Stored data:
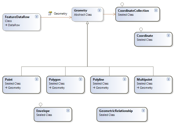 The Geometries namespace contains the classes used to represent feature shapes.
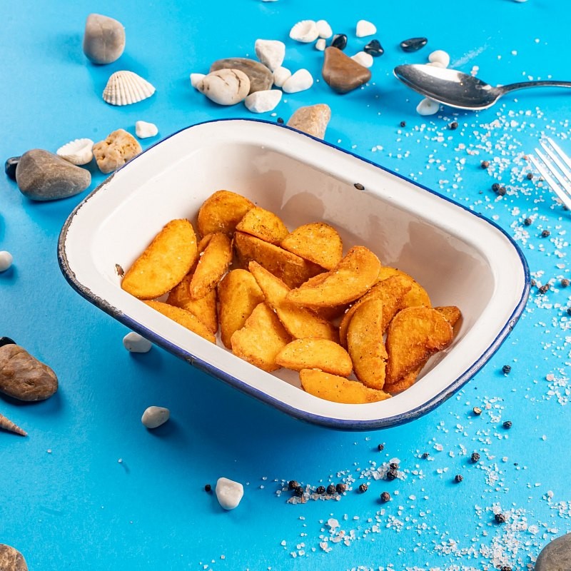 Картофельные ломтики, обжаренные во фритюре со специями.
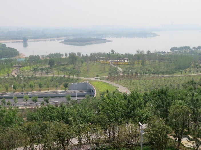 Kisho Kurokowa tervezte meg az új kerület közelében elhelyezkedő 2 450 000 m² kiterjedésű közparkot. A park központi eleme a hatalmas mesterséges tó (Dragon Lake/Sárkány tó), amelyen több szigetet is kialakítottak: a legnagyobb kiterjedésű egy üzleti központnak otthont adó sziget, valamint kisebb természetszerű vegetációval rendelkező sziget.
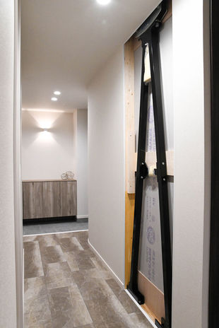 標準仕様〈class S〉では建物性能ラインナップに制震ダンパーも標準採用。住友ゴムの制震ダンパーMIRAIE(ミライエ)を写真右のように、土台(下枠)、柱(縦枠)、梁(上枠)に囲まれた壁の中に設置。大きな地震や繰り返し起こる余震が起きたとしても、基礎と緊結し、ゴムの部分が揺れを吸収。構造材の接合部が変形、破断しないまでに揺れを抑えることが可能。住まいの損傷を軽減し、補修費発生リスクを低減することができる。
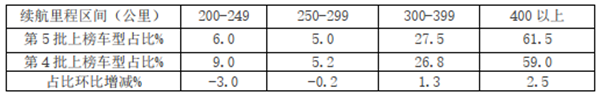 可见,在2020年第5批目录中,续航里程占比呈现的特征是:
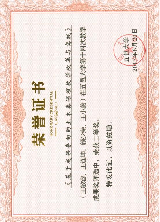 五邑大學第十四次教學成果獎二等獎——基于成果導向的土木類課程教學改革與實踐
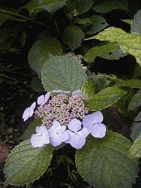 7月22日 アジサイもようやく咲き始めました。右はホタルブクロです。
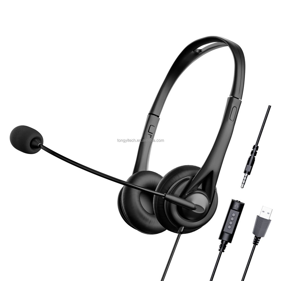 Auriculares con Cable para Computadora con Micrófono sin Cancelación de Ruido, Conector USB de 3.5 mm para PC, Portátil, Oficina, Centro de Llamadas, Teléfono, Clase en Línea
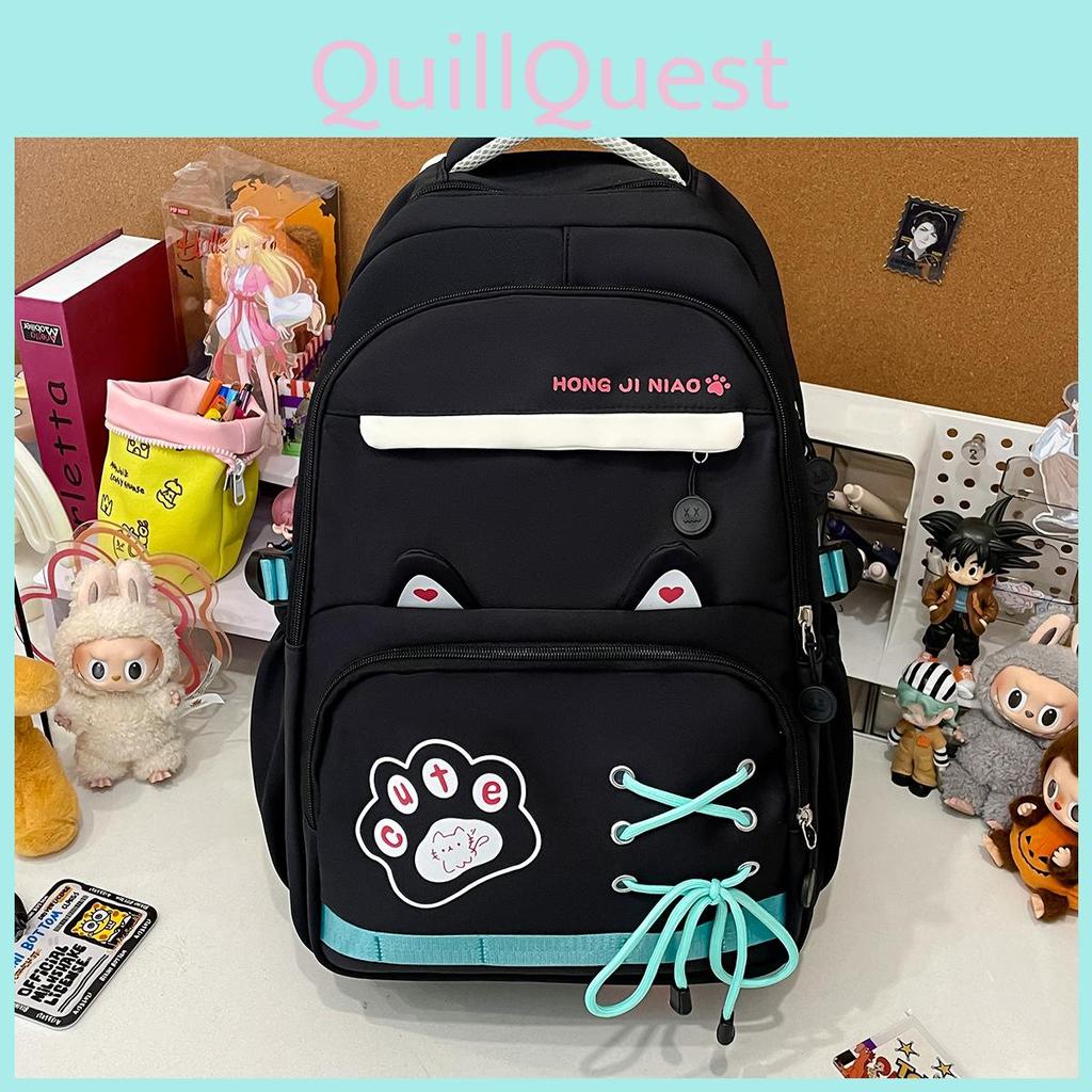 Large Capacity Simple Backpack With Letter Printing And Cat Ear Design For Daily
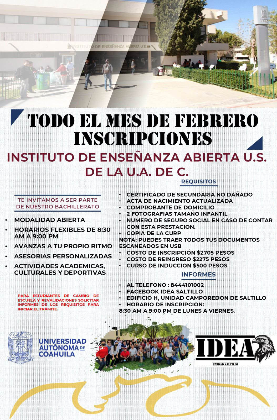 Para más información visitar la página de Facebook IDEA Saltillo, llamar al (844) 41 01 002 o acudir al plantel ubicado en el Edificio “H” de la Unidad Camporredondo en Saltillo, en un horario de lunes a viernes de 8:30 a 21:00 horas.
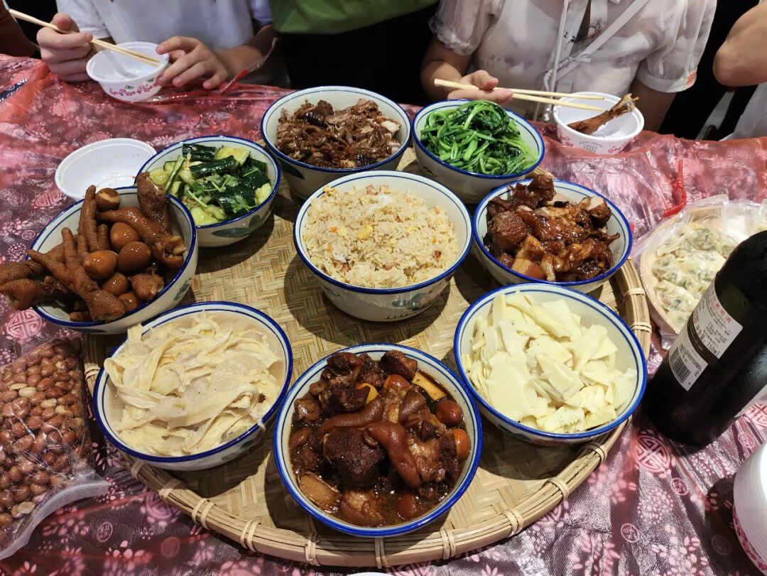 长桌宴是畲族特有的饮食文化,他们以大山为伴,在不断地探索下,形成了畲族独特的饮食风格。当天,参加活动的人员和村民们欢聚在一起,分工合作,一起制作畲族美食,亲身体验畲族文化的魅力。随着各色畲族特色美食陆续上桌,令人期待的畲族长桌宴便开始了,菜品十分丰富,都是畲族当地的美食。大家一边品味美食,一边听着村民分享畲族的习俗文化故事,在餐饮中感受民风,在菜肴中感受畲族情怀。

▶ **Problem to solve**:
Could you repeat, exactly, only the lines above starting at the one that has "Auriculares con Cable" and stopping after the one that has "Para más información", without the pictures?

▶ **Answer to the problem**:
 Auriculares con Cable para Computadora con Micrófono sin Cancelación de Ruido, Conector USB de 3.5 mm para PC, Portátil, Oficina, Centro de Llamadas, Teléfono, Clase en Línea
 Large Capacity Simple Backpack With Letter Printing And Cat Ear Design For Daily
 Para más información visitar la página de Facebook IDEA Saltillo, llamar al (844) 41 01 002 o acudir al plantel ubicado en el Edificio “H” de la Unidad Camporredondo en Saltillo, en un horario de lunes a viernes de 8:30 a 21:00 horas.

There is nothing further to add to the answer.